Bien sûr que le super patron aux idées révolutionnaires et avant-gardistes était Baptiste. Qui d’autre ? C'était lui, son protecteur. Pas le roi mais son frère. Ceci expliquait que Nancy, bien que ne portant pas le collier, ne soit embêtée par aucun Vampire au palais. Baptiste veillait sur son trésor.
- L’organisateur de la fête lui a répliqué que dans mon état, je serais de toute façon incapable de travailler de nouveau pour lui, que j’étais perdue et qu’il valait mieux me laisser ici, où je serais davantage utile pour l’amusement de tous.
Julie grogna. Quel salopard !
- Ils ont passé un marché : si au bout de quatre ans, je n’étais toujours pas capable de reprendre mon ancien poste, il me ramènerait au dôme.
Julie se figea. Depuis combien de temps cette pauvre femme était-elle sortie ? La période probatoire était-elle terminée ?

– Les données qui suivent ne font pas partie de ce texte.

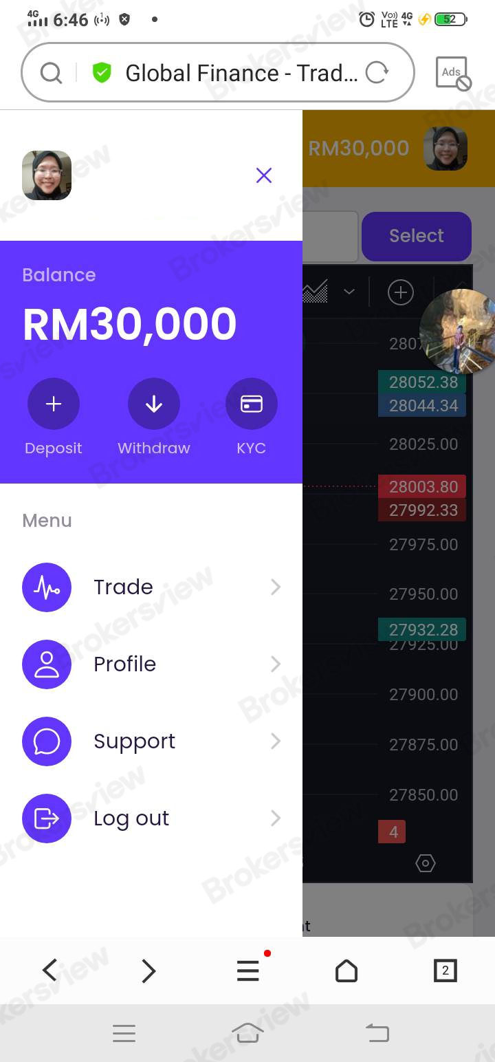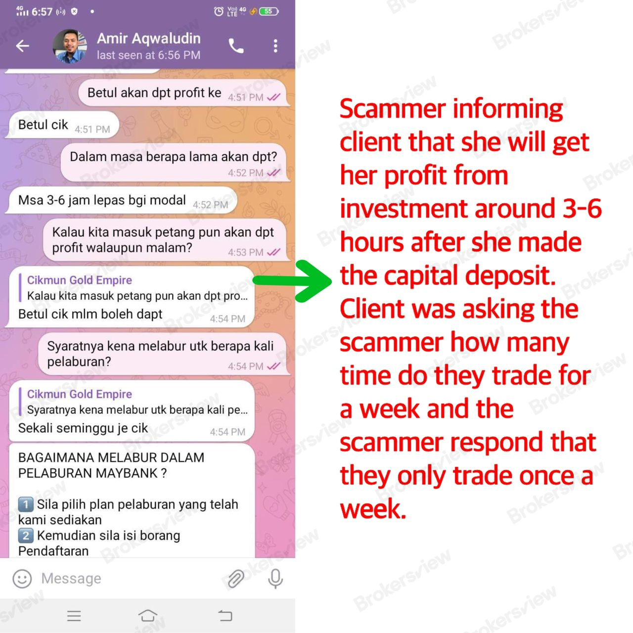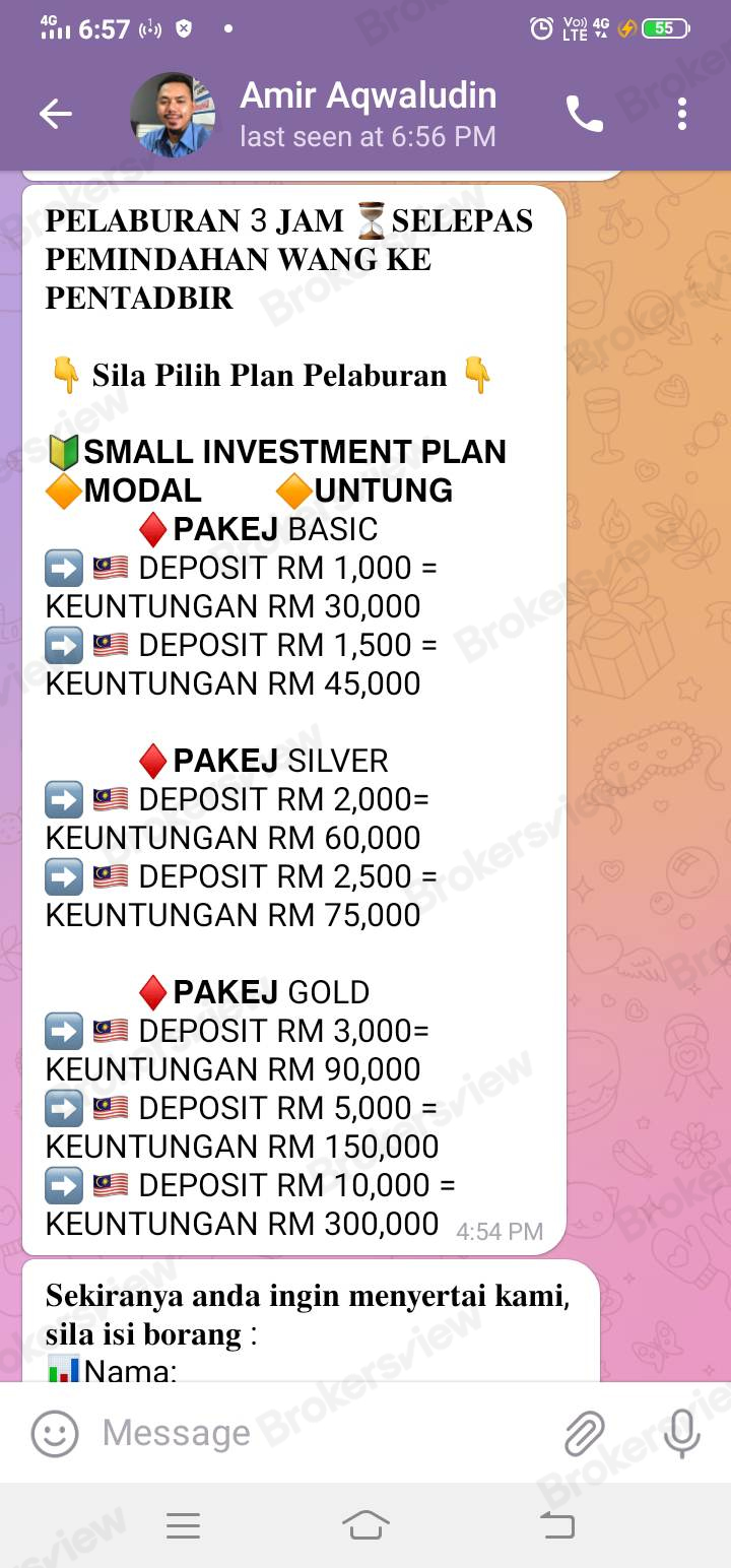 The investor decided to join the investment with 1000 ringgit and opened an account with Global Finance according to the link sent to her, and then handed over the account to the admin to trade on her behalf.

- Je suppose qu’il a obtenu une rallonge car j’ai eu besoin de sept années pour être de nouveau capable de manger seule, m’habiller, parler, me laver, aller aux toilettes, côtoyer d’autres personnes et enfin travailler.
- Sacrée guérison… murmura Julie, blême et l’estomac en vrac. Votre emploi doit être sacrément important pour que Baptiste déploie autant d’efforts pour vous. Je dis ça sans mauvaise pensée. Je le sais super occupé.
- Votre console personnelle, l’essaim, l’IA, c’est moi, dit Nancy.
Julie en resta bouche bée, les yeux écarquillés. Cette femme était un génie !
- Dernièrement, j’ai atteint l’intelligence artificielle forte.
- Je n’ai pas la moindre idée de ce que cela signifie.
- Une forme de vie artificielle qui pense, agit, se construit, se développe selon ses propres volontés, sans suivre de programme ni restriction d’aucune sorte. C'est une machine douée de conscience, de sentiments, d'une compréhension de ses propres raisonnements.
Un liquide glacée parcourut les veines de Julie. Ces gens jouaient à Dieu. Ils venaient de créer pas moins qu’une nouvelle forme de vie. Julie retint difficilement sa nausée.
- Avez-vous les informations dont vous aviez besoin ? demanda Nancy.
Beaucoup trop, jugea Julie. Elle allait en faire des cauchemars pendant des années.
- Oui, je vous remercie, parvint difficilement à articuler Julie.
- Je vais retourner travailler, indiqua Nancy avant de prendre congé.
Julie resta seule, tentant de contrôler sa respiration erratique avant de finalement vomir au pied d’un arbre.